▸ **WHAT IS EXPECTED**: If pictures appear in the lines below, skip them and copy exactly the lines from the one containing "As depicted in" through the one containing "Малюк Наташа Володимирівна", and nothing else.

*** DATA FOR THIS TASK Section Begins ***

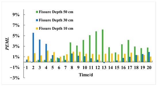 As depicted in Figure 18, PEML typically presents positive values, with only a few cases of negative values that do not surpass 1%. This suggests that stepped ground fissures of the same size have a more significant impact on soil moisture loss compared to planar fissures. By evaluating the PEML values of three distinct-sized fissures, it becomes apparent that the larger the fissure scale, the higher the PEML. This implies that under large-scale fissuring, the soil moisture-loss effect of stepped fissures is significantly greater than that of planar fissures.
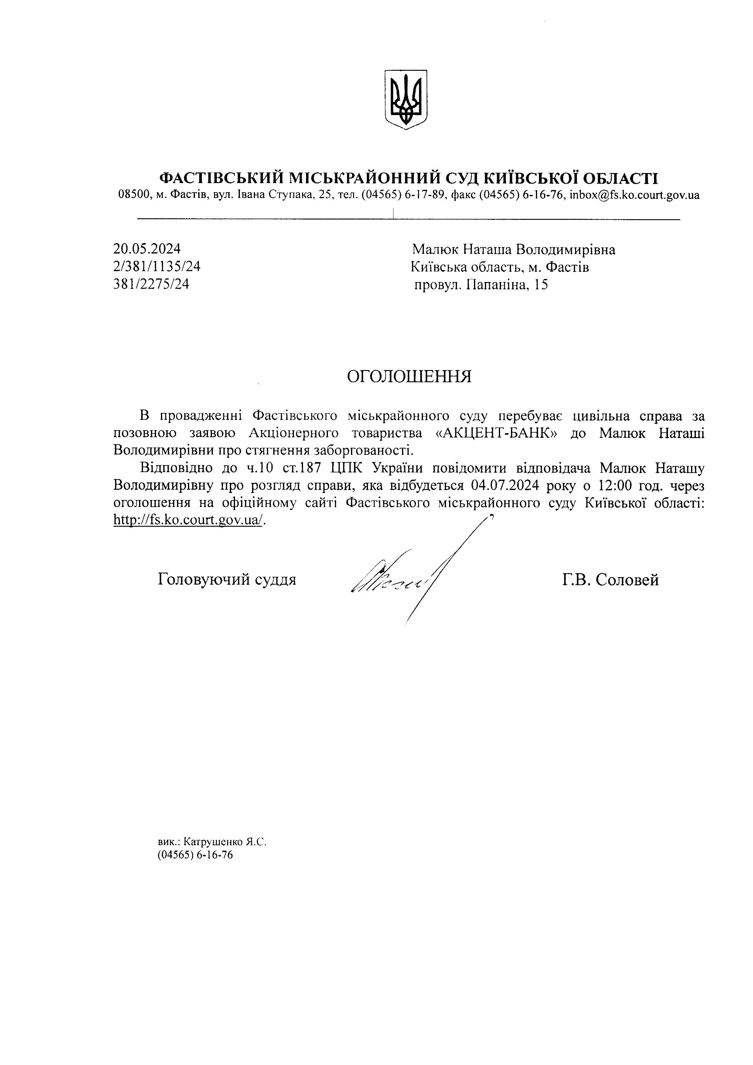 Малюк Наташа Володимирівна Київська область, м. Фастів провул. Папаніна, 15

*** DATA FOR THIS TASK Section Ends ***
*** DATA FOR THIS TASK Section Begins ***

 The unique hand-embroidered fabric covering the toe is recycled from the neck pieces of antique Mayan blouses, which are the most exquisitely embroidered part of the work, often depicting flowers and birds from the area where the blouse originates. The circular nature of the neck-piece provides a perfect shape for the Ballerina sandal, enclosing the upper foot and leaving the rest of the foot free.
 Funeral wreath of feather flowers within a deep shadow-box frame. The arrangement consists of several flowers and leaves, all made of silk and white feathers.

*** DATA FOR THIS TASK Section Ends ***

▸ **PROBLEM SOLUTION**:
 As depicted in Figure 18, PEML typically presents positive values, with only a few cases of negative values that do not surpass 1%. This suggests that stepped ground fissures of the same size have a more significant impact on soil moisture loss compared to planar fissures. By evaluating the PEML values of three distinct-sized fissures, it becomes apparent that the larger the fissure scale, the higher the PEML. This implies that under large-scale fissuring, the soil moisture-loss effect of stepped fissures is significantly greater than that of planar fissures.
 Малюк Наташа Володимирівна Київська область, м. Фастів провул. Папаніна, 15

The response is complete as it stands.